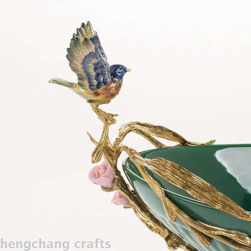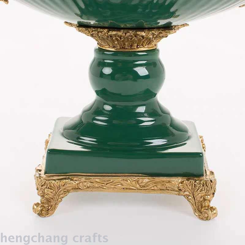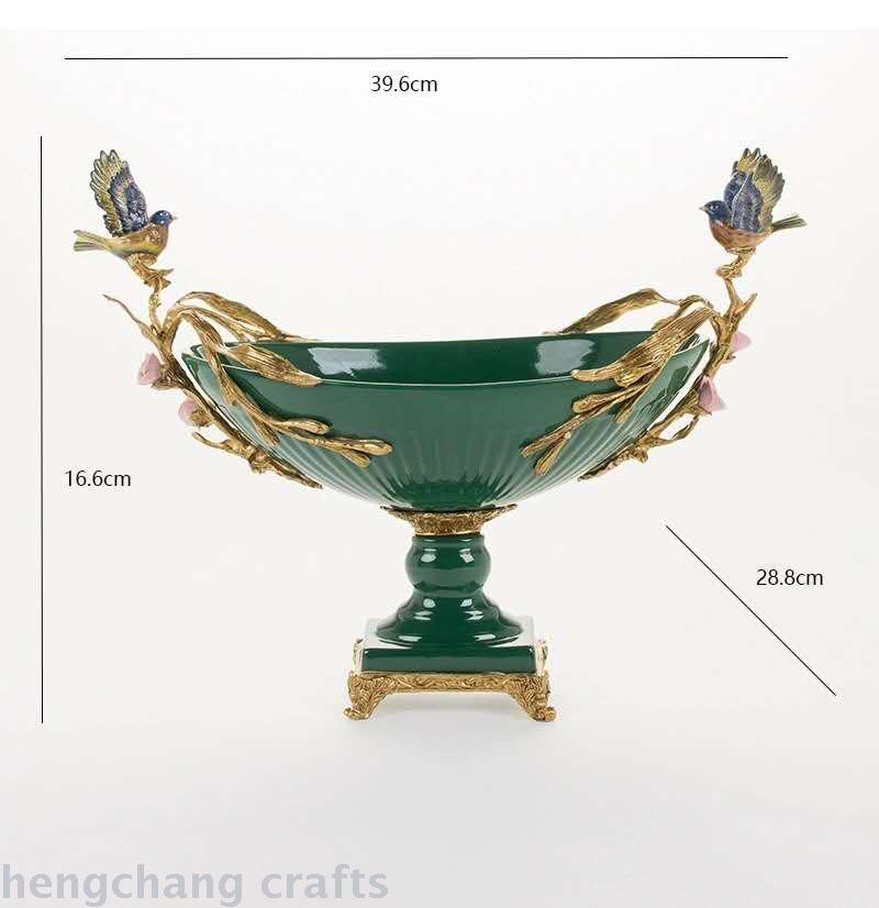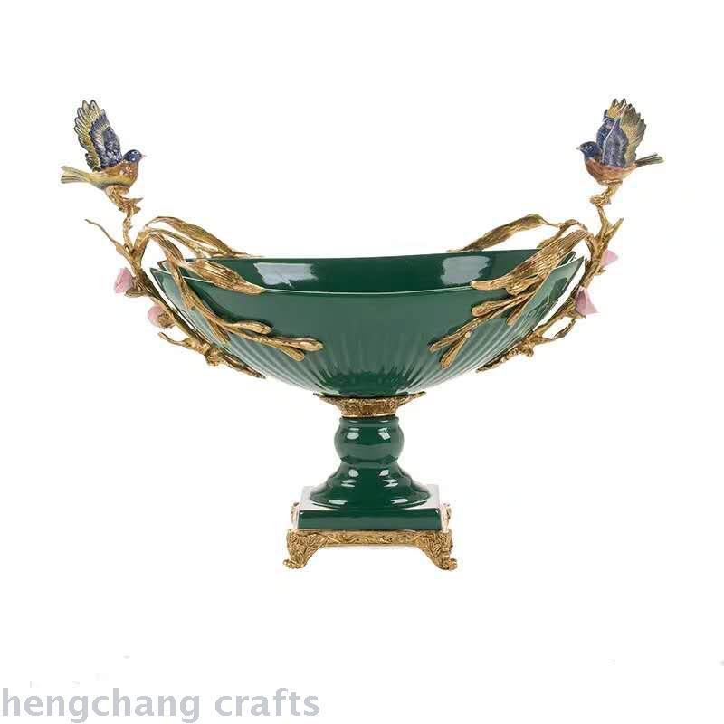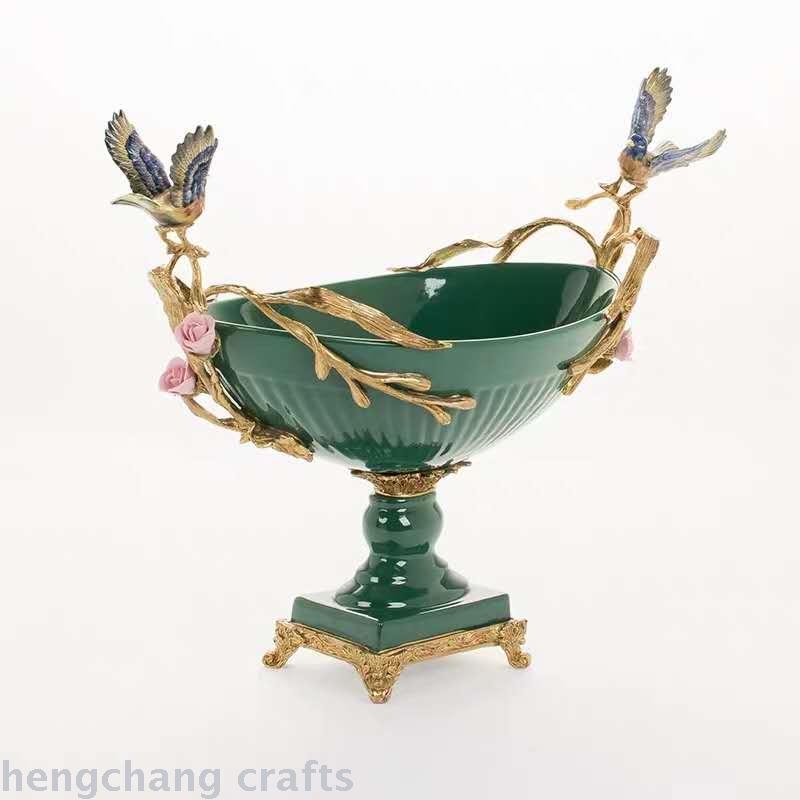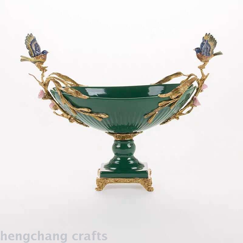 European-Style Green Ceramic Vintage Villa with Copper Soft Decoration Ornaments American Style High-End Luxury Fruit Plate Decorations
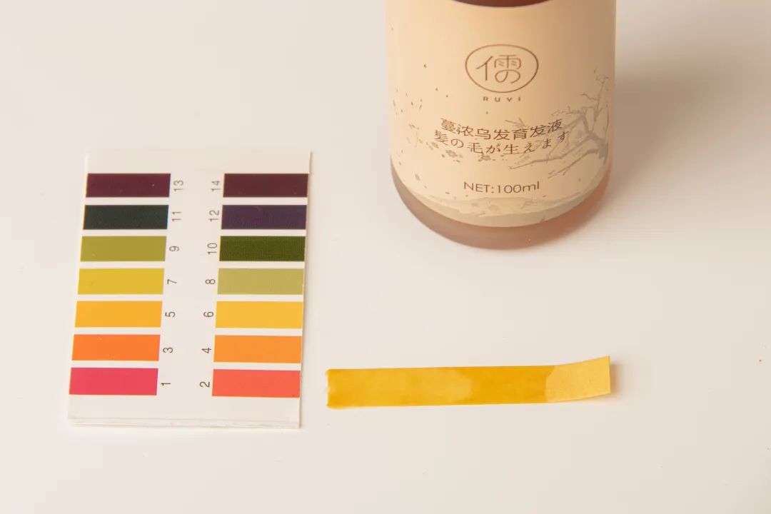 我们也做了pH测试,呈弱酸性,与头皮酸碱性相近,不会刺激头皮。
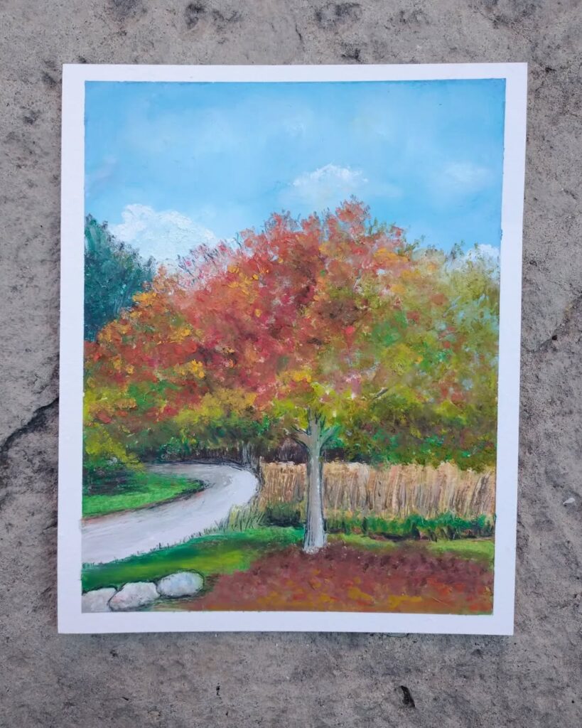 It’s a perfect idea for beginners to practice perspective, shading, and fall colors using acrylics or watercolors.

- - - - -

## [Task prompt]
Your copy must begin at the line containing "我们也做了pH测试,呈弱酸性,与头皮酸碱性相近,不会刺激头皮。" and end at the last line of the material above. Reproduce each line exactly, but not the pictures.

## [Result]
 我们也做了pH测试,呈弱酸性,与头皮酸碱性相近,不会刺激头皮。
 It’s a perfect idea for beginners to practice perspective, shading, and fall colors using acrylics or watercolors.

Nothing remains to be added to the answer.